In the 1840s, a woman named Marion Dix Sullivan, who had journeyed by canal boat on Pennsylvania’s Juniata River, was inspired by the journey to write the music for a celebratory song about the river. Mrs. Sullivan of New England wrote the music, and her husband, J.S. Sullivan, wrote the words, and the song became so popular that Marion Dix Sullivan became the nation’s first commercially successful female songwriter! Her song was a very popular song that romanticized the Native Americans. Her song was entitled “Blue Juniata.” The reader is urged to find several internet versions of the song to better understand the song’s considerable popularity. The American Civil War has accounts of “The Blue Juniata” being heard in both Union and Confederate army camps.
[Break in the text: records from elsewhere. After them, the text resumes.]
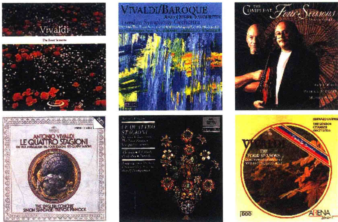
图 1.2 维瓦尔第《四季》的录音版本多达 1000 多种
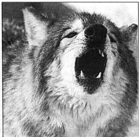
Ulven har tatt mindre sau i sommer.

■ Ulven har herjet mindre med saueflokkene denne sommeren i forhold til i fjor, skriver Nationen. Rovdyrbasen til Statens naturoppsyn viser at det er funnet 202 sauekadavre så langt i år der man er sikker eller nesten sikker på det er ulven som er synderen. I fjor ble det funnet 384 sauer som man tror var drept av ulv. Ifølge Statens naturoppsyns tall har både gaupe og bjørn tatt nesten like mange sauer som det ulven har. (NTB)
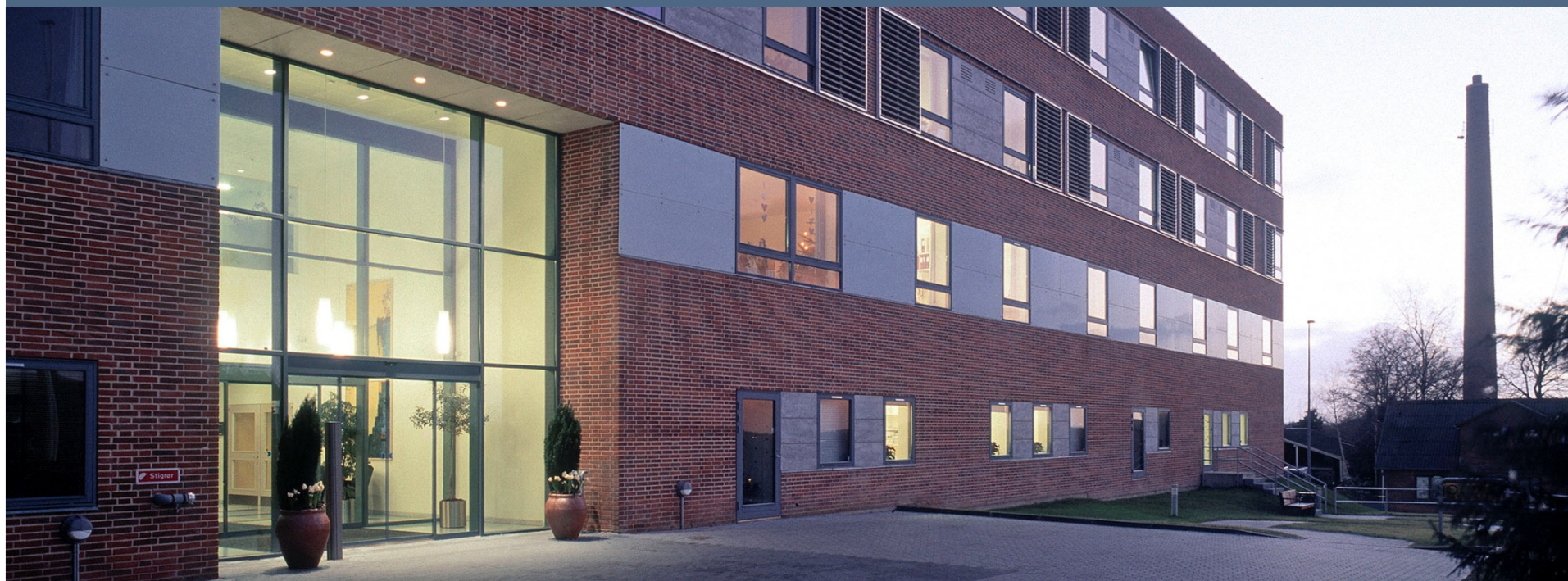
Regionshospitalet Hammel Neurocenter
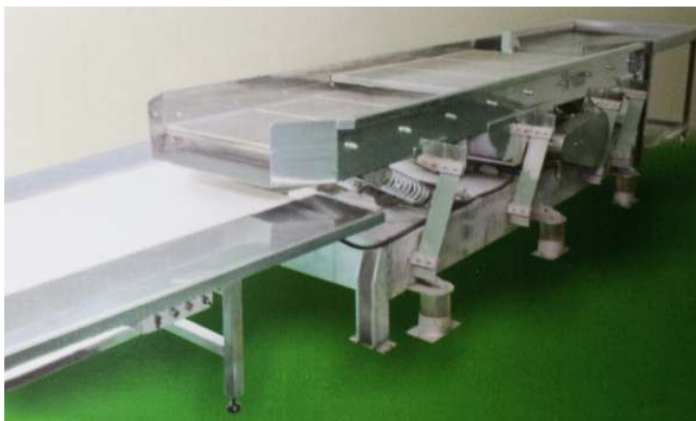
치미기 / 治尾机(Vibrator)
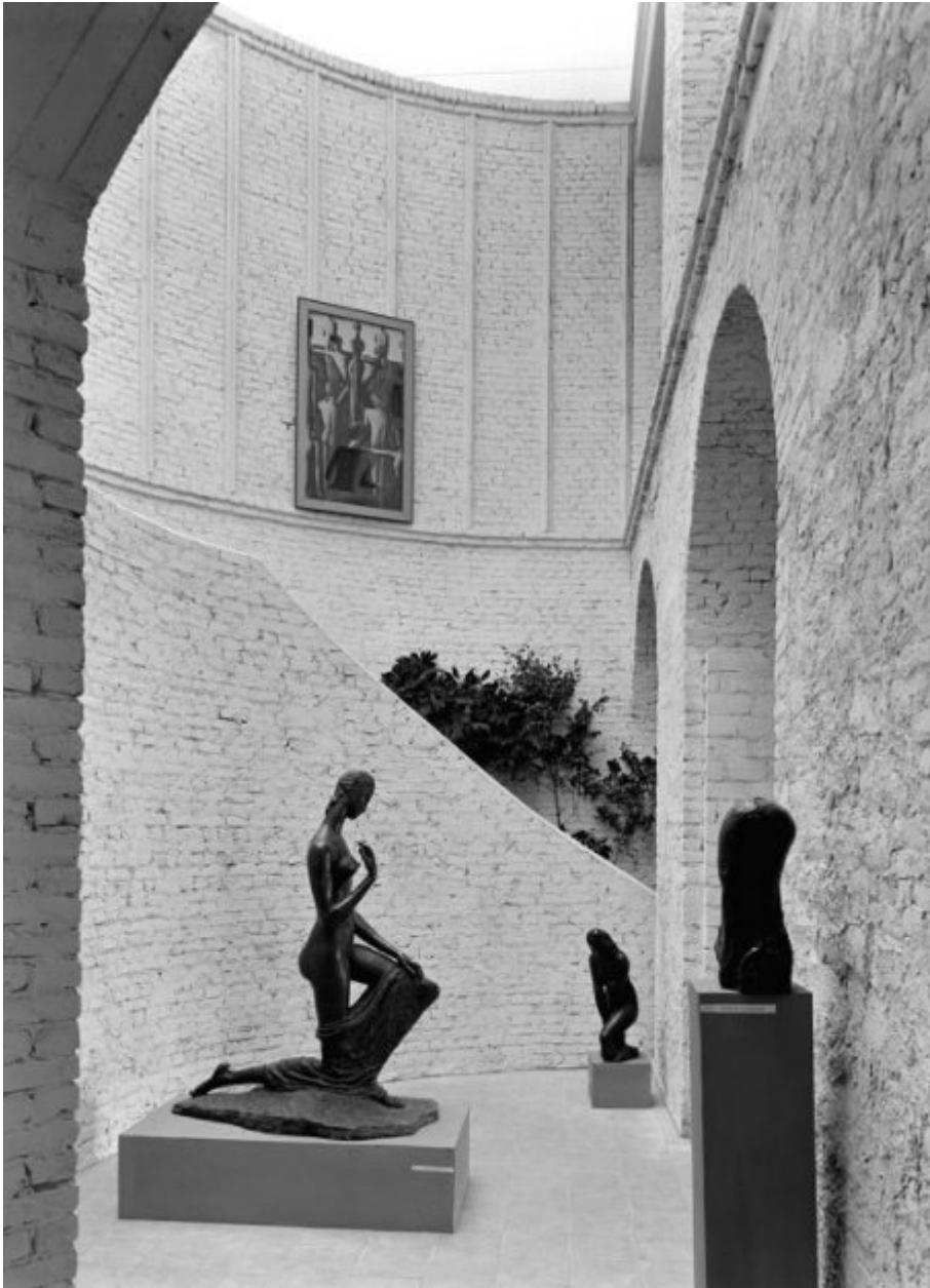
Το γλυπτό «Kneeling Woman» του Wilhelm Lehmbruck μέσα στο Μουσείο Fridericaneum

είχε νικήσει. Το Κάσελ με το αμαρτωλό παρελθόν βρέθηκε στην αιχμή της πρωτοπορίας και της τέχνης που πρέσβευε ακριβώς ό,τι μισούσαν οι ναζί.
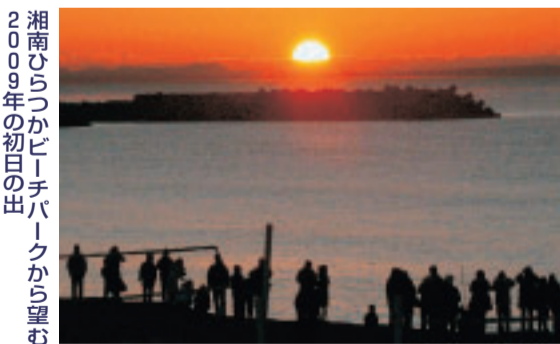
湘南ひらつかビーチパークから望む2009年の初日の出

午前6時52分、三浦半島の先端付近に少しかかった雲間から、ついに今年初の太陽が顔を出すと、ビーチパークを埋め尽くした数千の人たちから大きな歓声が上がりました。見る見るうちに明るさを増していくオレンジ色の太陽。その雄大な姿を心に刻み、暖かさを体に感じながら、人々はそれぞれ、新しい年の願いを掛けていました。 さて、1月も半ばとなりましたが、日の出の時刻はまだ元日とほとんど変わっていません。日の出が早くなってきたと感じられるのはもう少し先、立春のころからです。 ◆担当 博物館 ☎33-5111
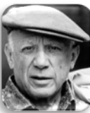
PABLO PICASSO (1881-1973)
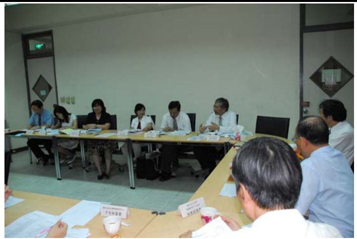
說明：綜合座談實況

Similarly, Laura Ingalls Wilder, author of the famed Little House books, wrote of her mother singing that song and of her father playing the song on his fiddle. 

Wondering how likely it was that the song “Blue Juniata might have influenced Henry W. Shoemaker,” this author checked the distance of Shoemaker’s McElhattan estate from the Juniata River, the subject of the song’s lyrics. The Juniata River is a large tributary of the Susquehanna River, and the Juniata’s nearest waters (Jack’s Creek) would flow near Bannerville, Pennsylvania, just about three dozen miles due south of Henry Shoemaker’s Restless Oaks estate in McElhattan. However, I later found evidence that Shoemaker was, indeed, not simply familiar with the song; but that he worked some of its lines into one of his own stories, the one cited as “The Siren.”

In the early 20th century, when Shoemaker was very much involved in his writing projects and manufacturing his versions of ‘folklore,’ American composers were known as “Indianists” who wrote considerable popular music based on American Indian themes. From my old personal copies of the era’s Etude music magazine, I can pluck the following songs: “Indian Love Song” by Charles Wakefield Cadman (June 1924) “By The Waters of Minnetonka” by Thurlow Lieurance (September 1922)... “March of the Indian Phantoms” (E.R. Kroeger) (October 1920)

This author would recommend that the reader find versions of any of these songs on the internet. My opinion is that Lieurance’s “By The Waters of Minnetonka” is among the most beautiful music of its type. A 1907 Indian-flavored song is “Redwing.” The music seems to be ‘Indian sounding,’ although the melody was borrowed from a European composer (Robert Schumann). The result is lovely, in any case. 

Random finds in the music field also enriched this listing of possible influences on Henry Shoemaker’s choice of the Native Americans as a topic for many of his tales. The Etude magazine, in one lone issue (February 1927), told us (page 91) that the Royal Albert Hall of London was offering a season of the cantata “Hiawatha” with a noted Mohawk baritone in the cast. That same issue (page 132) offered readers two musical selections suitable for movie houses, one of which is a brief allegro feroce composition that carried the simple title: “Indians.” 

INSPIRED BY THE CLASSICS? It appears doubtful that Henry Shoemaker learned little folklore in backwoods hunting camps or rustic taverns. What does seem evident is that some of his plots were plucked from other uncredited sources, including a couple of the world’s most notable earlier plots. One, in particular, seems to have been lifted from an old Roman tale, and another borrowed from either Homer or Heine. Let’s consider these. 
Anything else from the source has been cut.